CoreWeave Inc. on Thursday launched a new unified agentic artificial intelligence (AI) platform designed to eliminate the primary bottleneck facing enterprise AI deployment: agents that perform well in controlled demonstrations but fail in real-world production.

The specialized cloud provider’s new capabilities integrate serverless reinforcement learning (RL), production inference, fleet-wide observability, and autonomous agent improvement into a single, closed loop. The system allows enterprises to deploy AI agents directly into production, where they can continuously adapt and improve using real-world data and feedback loops.
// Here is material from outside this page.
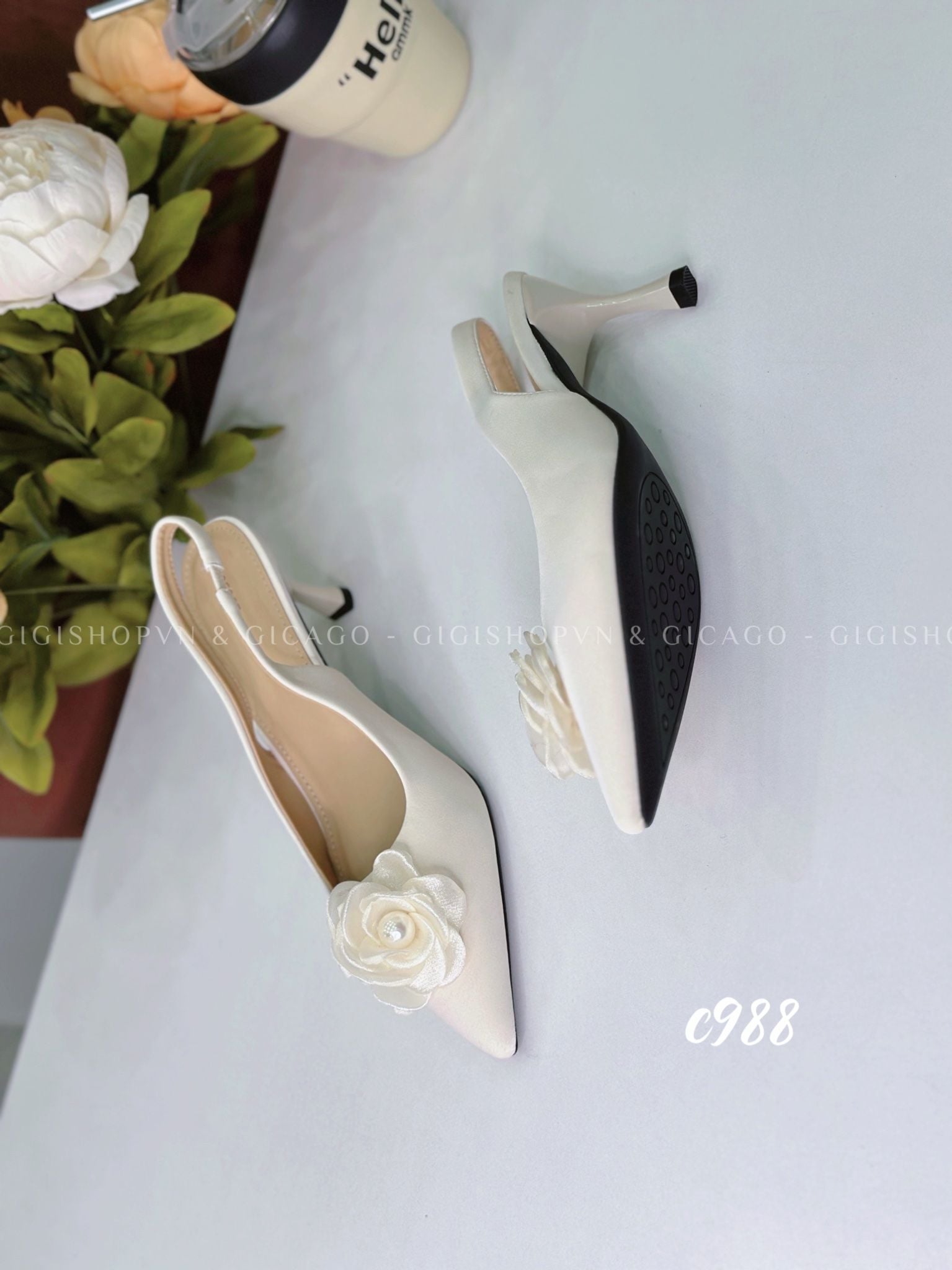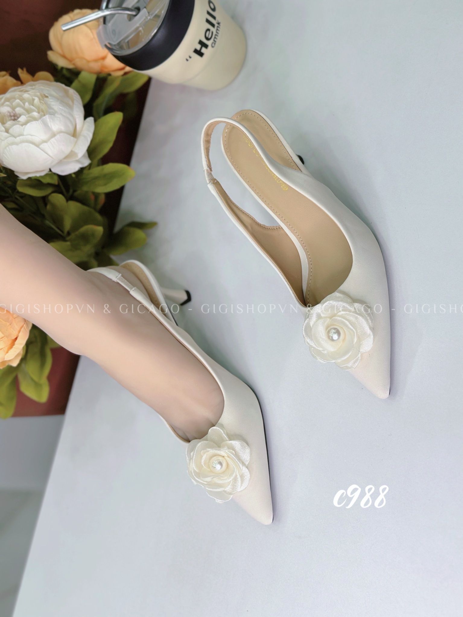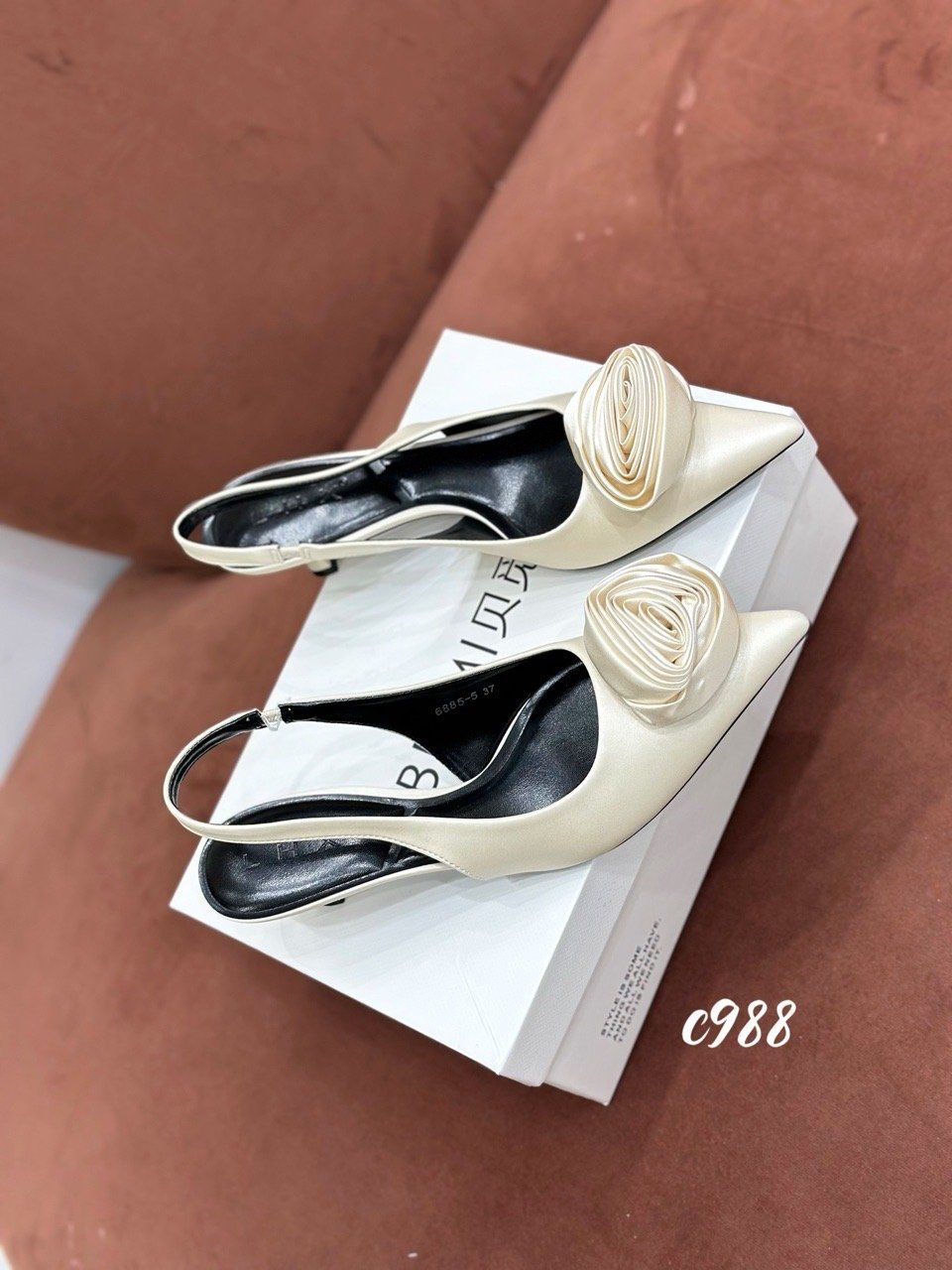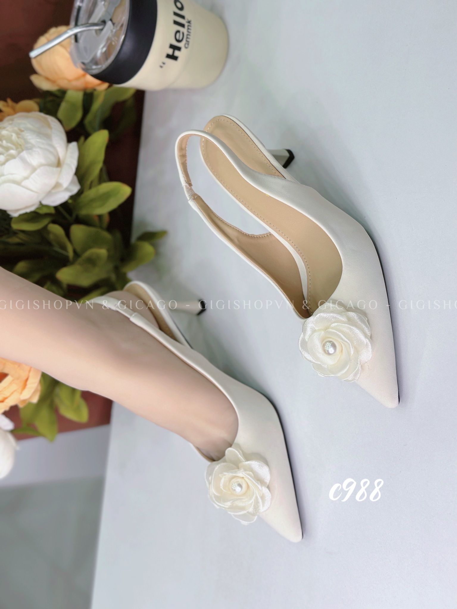 Cao gót nhọn hở gót Hoa C988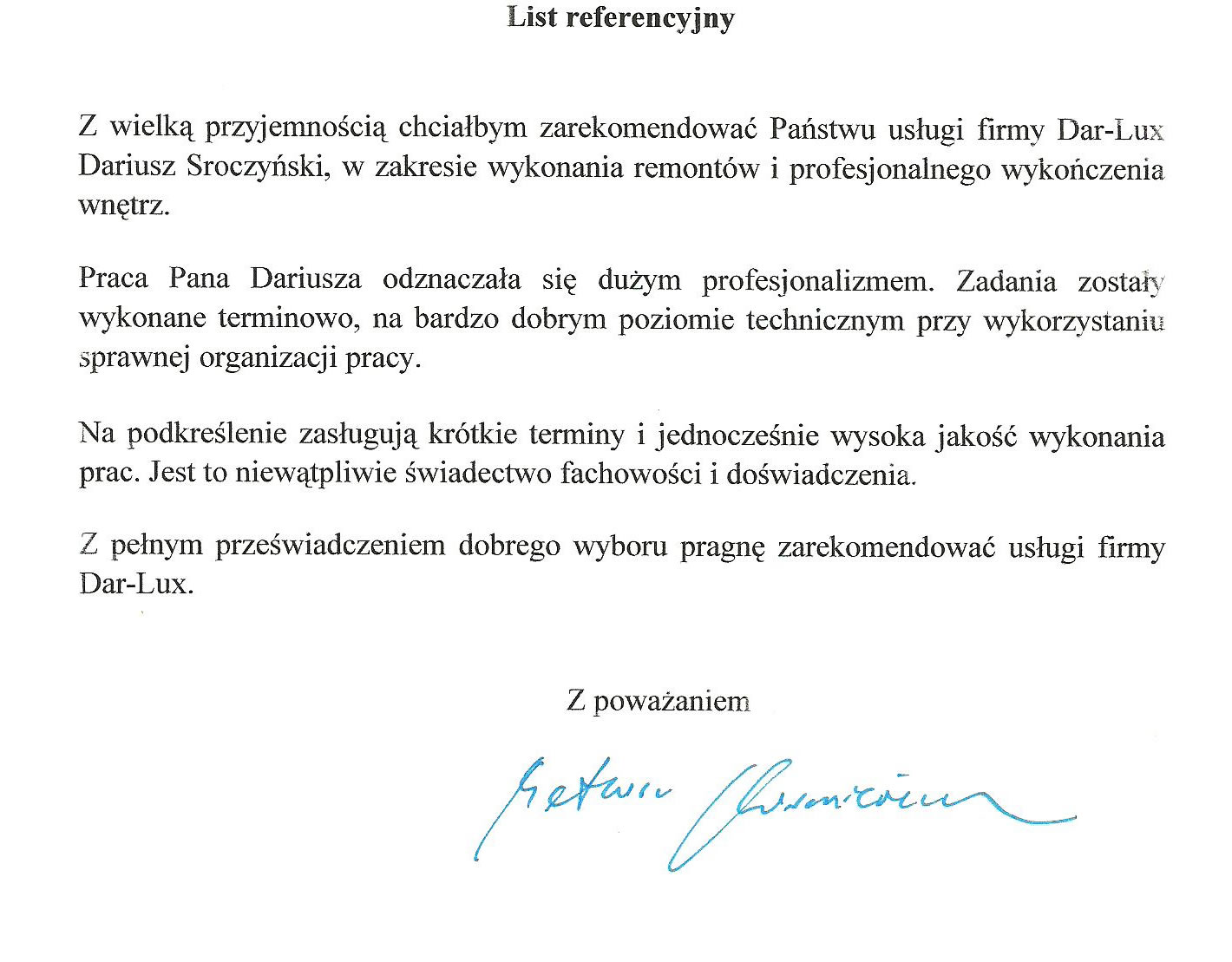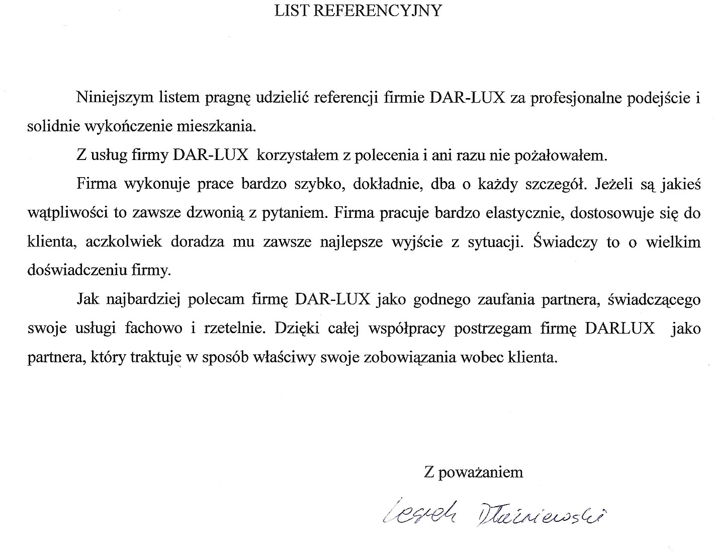 Niniejszym listem pragnę udzielić referencji firmie DAR-LUX za profesjonalne podejście i solidne wykończenie mieszkania. Z usług DAR-LUX korzystałem z polecenia i ani razu nie pożałowałem. Firma wykonuje prace bardzo szybko, dokładnie, dba o każdy szczegół. Jeżeli są jakieś wątpliwości, to zawsze dzwonią z pytaniem. Firma pracuje bardzo elastycznie, dostosowuje się do klienta, aczkolwiek doradza mu zawsze najlepsze wyjście z sytuacji. Świadczy to o wielkim doświadczeniu firmy. Jak najbardziej polecam firmę DAR-LUX jako godnego zaufania partnera świadczącego swoje usługi fachowo i rzetelnie. Dzięki całej współpracy postrzegam firmę DAR-LUX jako partnera, który traktuje w sposób właściwy swoje zobowiązania wobec klienta.Z poważaniem

Until now, developing AI agents required slow, iterative cycles of offline evaluation, metrics reviews, and cautious production launches, only for developers to encounter unpredictable user scenarios that restarted the entire process. As the pace of AI accelerates, industry experts note that this traditional approach is no longer sustainable.

“Most enterprises are stuck in a cycle of building and testing agents before they ever reach real users, and that cycle is becoming too slow and too expensive to sustain,” said Nick Patience, vice president and practice lead for AI Platforms at The Futurum Group. “A platform that closes the production-to-development feedback loop, using real-world experience to automatically improve agent performance, addresses a critical bottleneck.”

CoreWeave’s newly introduced ecosystem integrates four core functionalities to bridge the gap between model training and live inference.

Serverless RL enables companies to post-train large language models for complex, multi-turn tasks without the overhead of managing infrastructure. The system elastically scales workloads, reducing infrastructure costs by up to 40% and accelerating training times by 1.4x with zero loss in quality.

Production Inference is built to operate as a controllable, continuous workload. The layer maintains stable behavior and runtime flexibility under heavy real-world traffic while monitoring system health and service level objectives.

Fleet-wide visibility utilizes Weights & Biases (W&B) Weave as an observability layer. The platform tracks production behavior, monitors multi-agent workflows, and uses custom signals to catch failure modes before regressions can scale.

Autonomous Improvement’s built-in capabilities automatically analyze evaluation data and production traces to pinpoint weaknesses, running independent experiments to optimize agent harnesses.

By separating training and inference onto distinct, always-on instances, CoreWeave has compressed iteration cycles that previously took hours down to seconds.

As corporate AI initiatives transition from simple chatbots to complex, business-critical agent fleets, the ability to scale reliably and efficiently is becoming a key competitive differentiator.

CoreWeave’s new architecture aims to dismantle the historical barriers of fragmented tooling and GPU-intensive infrastructure costs, clearing a path for enterprises to systematically translate live user interactions into superior agent performance.